| WHAT THE EXERCISE ASKS |
The entries that follow must be written out exactly, without any of the pictures they contain.

(Items listed in a dataset)
Segment Open
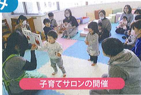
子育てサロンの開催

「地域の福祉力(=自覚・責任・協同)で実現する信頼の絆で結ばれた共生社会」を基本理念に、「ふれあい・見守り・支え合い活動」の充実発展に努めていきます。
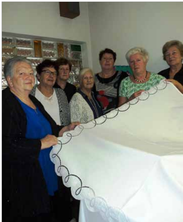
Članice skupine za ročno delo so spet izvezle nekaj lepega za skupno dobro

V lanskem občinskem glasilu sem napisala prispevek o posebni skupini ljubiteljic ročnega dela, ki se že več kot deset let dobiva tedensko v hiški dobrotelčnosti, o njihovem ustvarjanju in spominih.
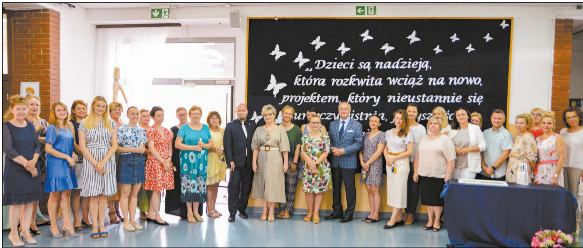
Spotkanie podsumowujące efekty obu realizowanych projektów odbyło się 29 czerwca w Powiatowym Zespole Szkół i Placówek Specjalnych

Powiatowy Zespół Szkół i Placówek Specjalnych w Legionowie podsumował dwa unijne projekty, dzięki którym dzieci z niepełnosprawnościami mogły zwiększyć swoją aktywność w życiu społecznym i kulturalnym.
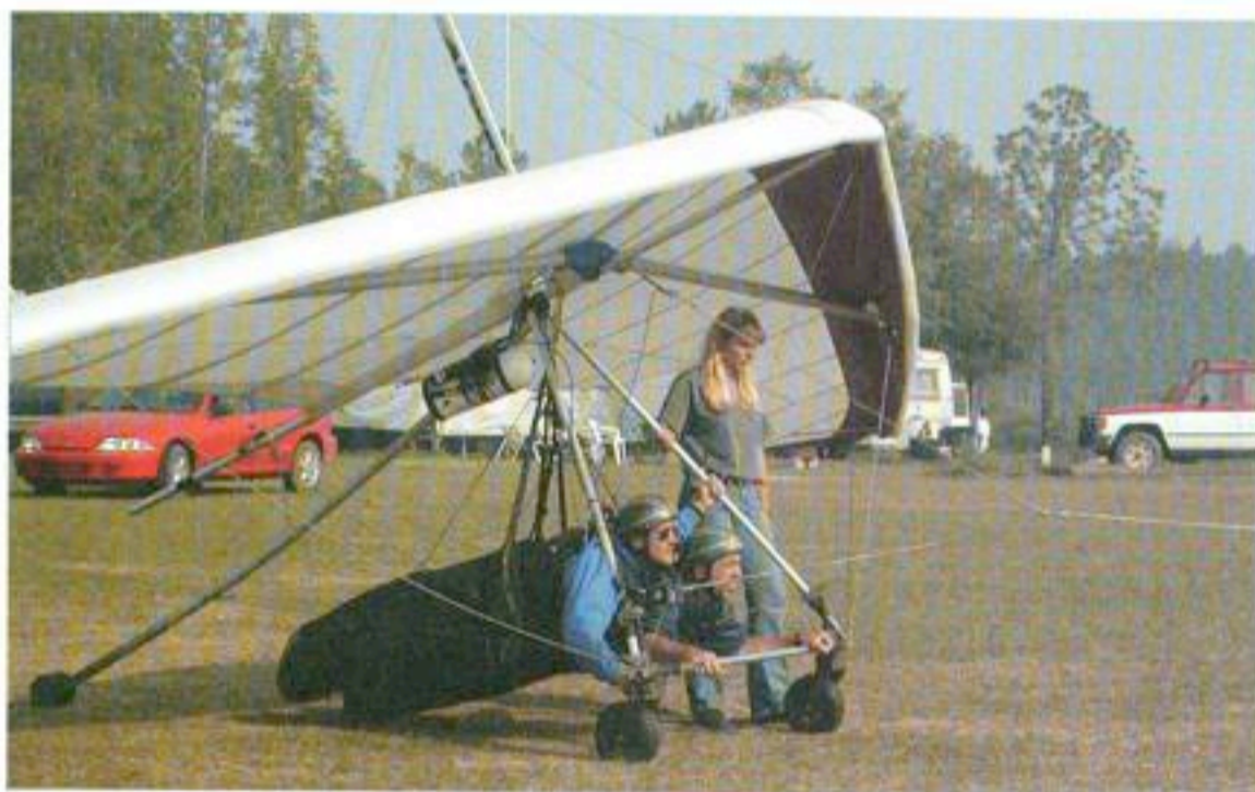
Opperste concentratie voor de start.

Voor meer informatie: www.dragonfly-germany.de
Segment Closed
| RESPONSE BOX |
子育てサロンの開催

「地域の福祉力(=自覚・責任・協同)で実現する信頼の絆で結ばれた共生社会」を基本理念に、「ふれあい・見守り・支え合い活動」の充実発展に努めていきます。
Članice skupine za ročno delo so spet izvezle nekaj lepega za skupno dobro

V lanskem občinskem glasilu sem napisala prispevek o posebni skupini ljubiteljic ročnega dela, ki se že več kot deset let dobiva tedensko v hiški dobrotelčnosti, o njihovem ustvarjanju in spominih.
Spotkanie podsumowujące efekty obu realizowanych projektów odbyło się 29 czerwca w Powiatowym Zespole Szkół i Placówek Specjalnych

Powiatowy Zespół Szkół i Placówek Specjalnych w Legionowie podsumował dwa unijne projekty, dzięki którym dzieci z niepełnosprawnościami mogły zwiększyć swoją aktywność w życiu społecznym i kulturalnym.
Opperste concentratie voor de start.

Voor meer informatie: www.dragonfly-germany.de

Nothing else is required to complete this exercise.